Below are the records; repeat exactly their lines between the line holding "Pătură Cocolino cu" and the line holding "据了解,这家商务宾馆在延川县", inclusive, skipping the pictures.

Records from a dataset
------------------------------------------------

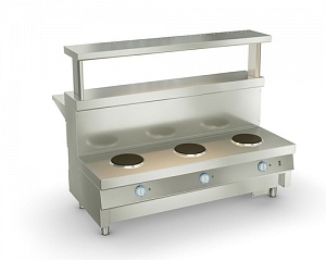 Максимальная емкость котла, на установку которого рассчитано оборудование, составляет 50 литров. Мармит выпускается в варианте на три конфорки.
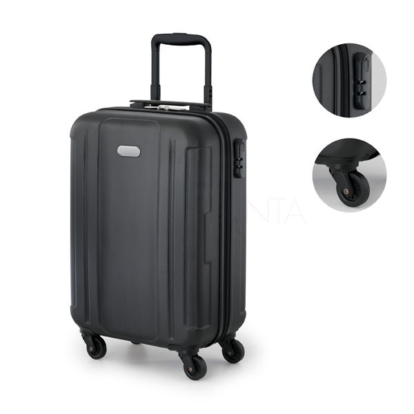 Mala de viagem executiva personalziada produzida em ABS com, Interior forrado com divisória interna, 4 rodas giratórias, alça extensível em alumínio (altura da alça estendida: 500 mm). Fecho de segurança com senha e placa metálica removível com imã para gravação.
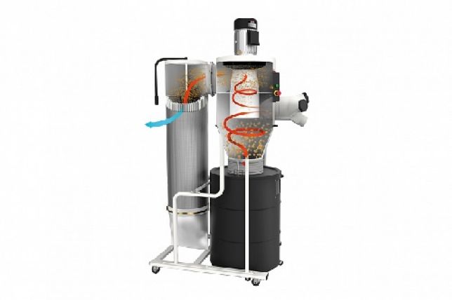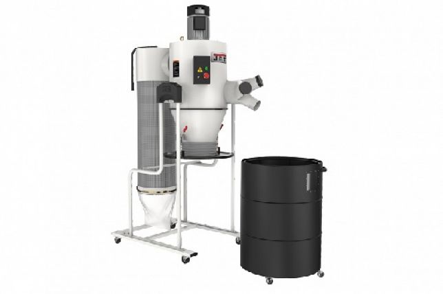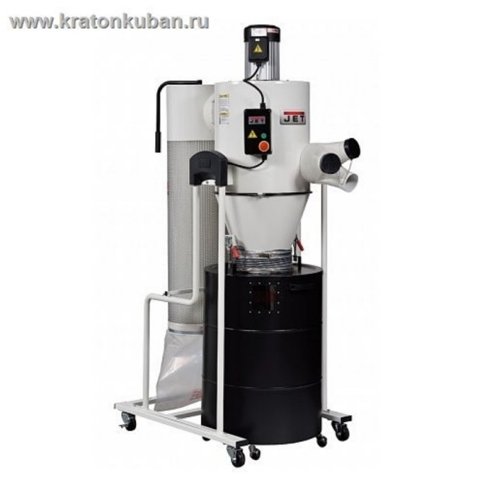 Циклон Jet JCDC-3 - производительная вытяжная установка типа циклон с мощным трехфазным двигателем и высокой степенью очистки отходящего воздуха (2 мкм). Расположенный снизу контейнер для сбора крупной фракции отходов также имеет металлические стенки и герметично закрывается крышкой с двумя прижимными рычагами. Все отходы, за исключением самой мелкой взвеси (древесной муки), попадают именно в этот контейнер, остальное собирается в мешке выходного 2-микронного фильтра. Благодаря большой рабочей поверхности (более 4 кв.м) и высокой степени предварительной центробежной очистки, он мало загрязняется, что дает стабильно-высокую интенсивность всасывания, даже при работе со шлифовальными станками. Учитывая большую ёмкость основного накопителя и простоту его очистки, данную установку можно рекомендовать для любого деревообрабатывающего оборудования, с точки зрения типа удаляемых отходов она универсальна.
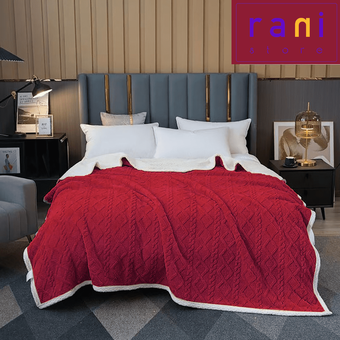Pătură Cocolino cu Blăniță, Model Tricotat, Pat Dublu, Roșu
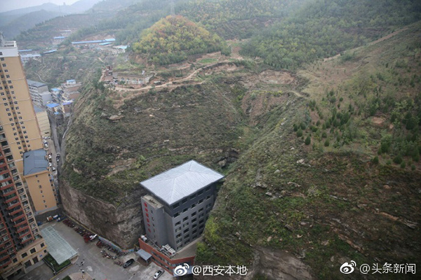 据了解,这家商务宾馆在延川县城内属于档次较高的宾馆。据宾馆的工作人员介绍,宾馆大楼建在了两座山之间的一个夹缝内,这里刚好有一块平地,在对周围山体进行了加固后,盖了这栋楼,大楼距离山体最近的地方,只有三四米的距离。
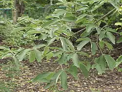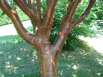 It is a small to medium-sized deciduous tree, reaching 10-18 m tall, and has smooth, shiny orange-red bark, which peels in thin, papery layers (mature bark is platy and brightly metallic-copper in color). The leaves are compound, with three leaflets, each 4-10 cm long and 2-6 cm broad, dark green above, bright glaucous blue-green beneath. The petioles and young stems are pubescent. The flowers are produced in small corymbs in spring, the fruit being a pair of winged samaras with the seeds about 1 cm long and a 3 cm wing. Young trees are upright, eventually developing a rounded habit.
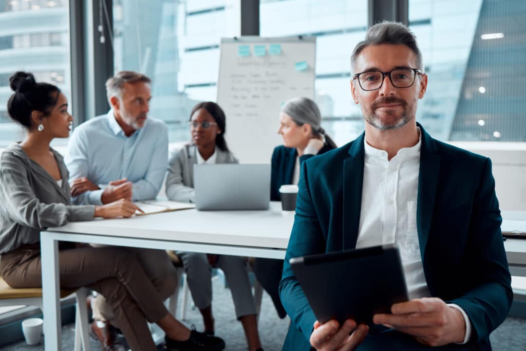 Ceo, businessman and smile portrait with tablet for meeting success, teamwork collaboration and discussion in office. Senior man, employee positive mindset energy or entrepreneur tech motivation.
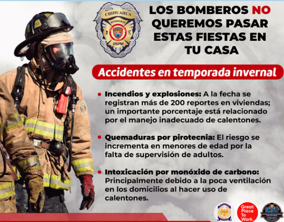 El Gobierno Municipal a través del Heroico Cuerpo de Bomberos, exhorta a los chihuahuenses a seguir recomendaciones preventivas para evitar accidentes derivados del uso de calefactores a gas, que producen monóxido de carbono, son susceptibles a fugas y podrían generar incendios o intoxicaciones dentro de los hogares o establecimientos.
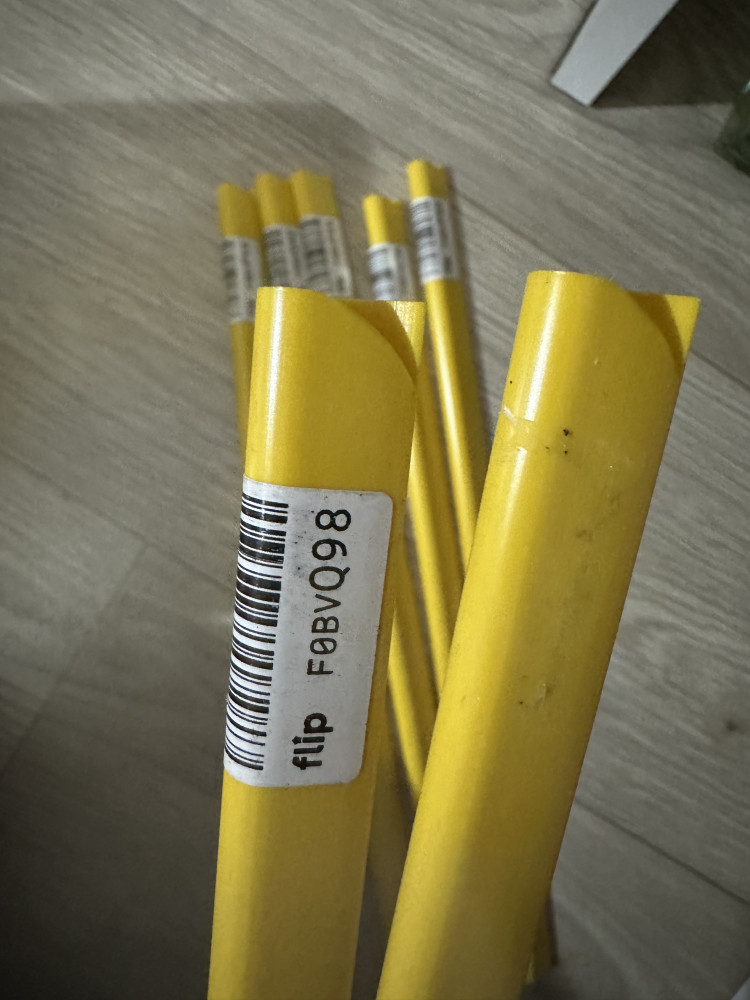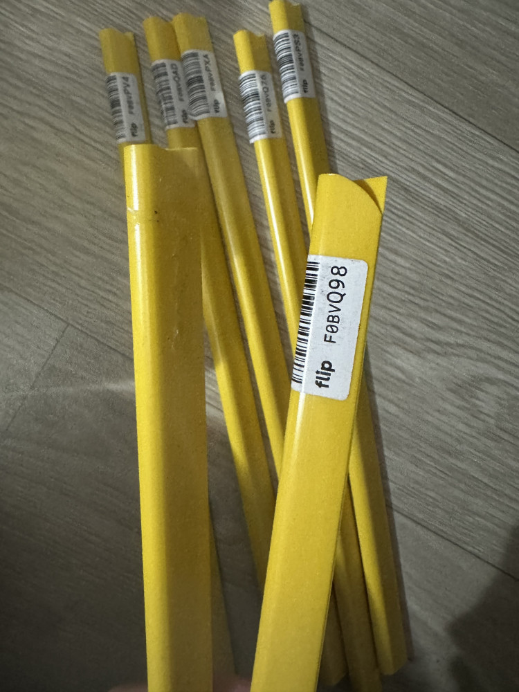 Флиптің шрихкодтары. Осындай скрепкошинаның 8 данасын алған едім, әрқайсысына шрихкод жапсырылған және оларды алу оңай емес, желімнің ізі қалып қояды. Сосын әрқайсысынан алып отыру, желімін кетіру біршама уақытты талап етеді.
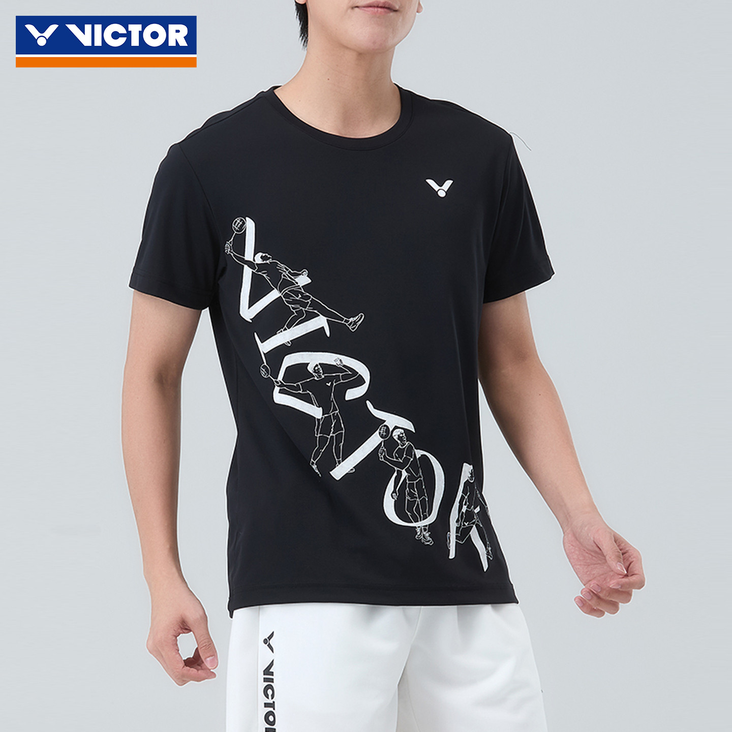 VICTOR胜利羽毛球服威克多男女款抗菌清爽针织运动短袖T恤T-60027
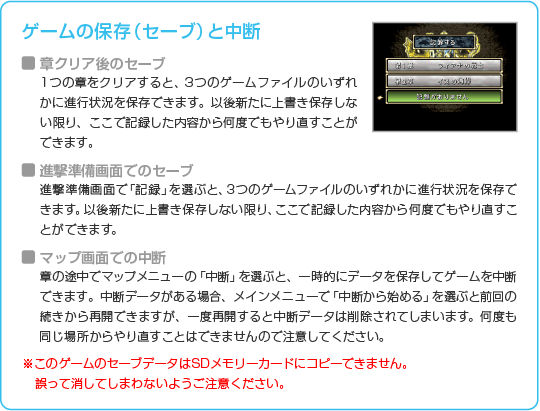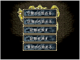 中断したところからゲームを再開します。なお、再開すると中断データは消えてしまいます。 |

------------------------------------------------

> _Written answer_
Pătură Cocolino cu Blăniță, Model Tricotat, Pat Dublu, Roșu
 据了解,这家商务宾馆在延川县城内属于档次较高的宾馆。据宾馆的工作人员介绍,宾馆大楼建在了两座山之间的一个夹缝内,这里刚好有一块平地,在对周围山体进行了加固后,盖了这栋楼,大楼距离山体最近的地方,只有三四米的距离。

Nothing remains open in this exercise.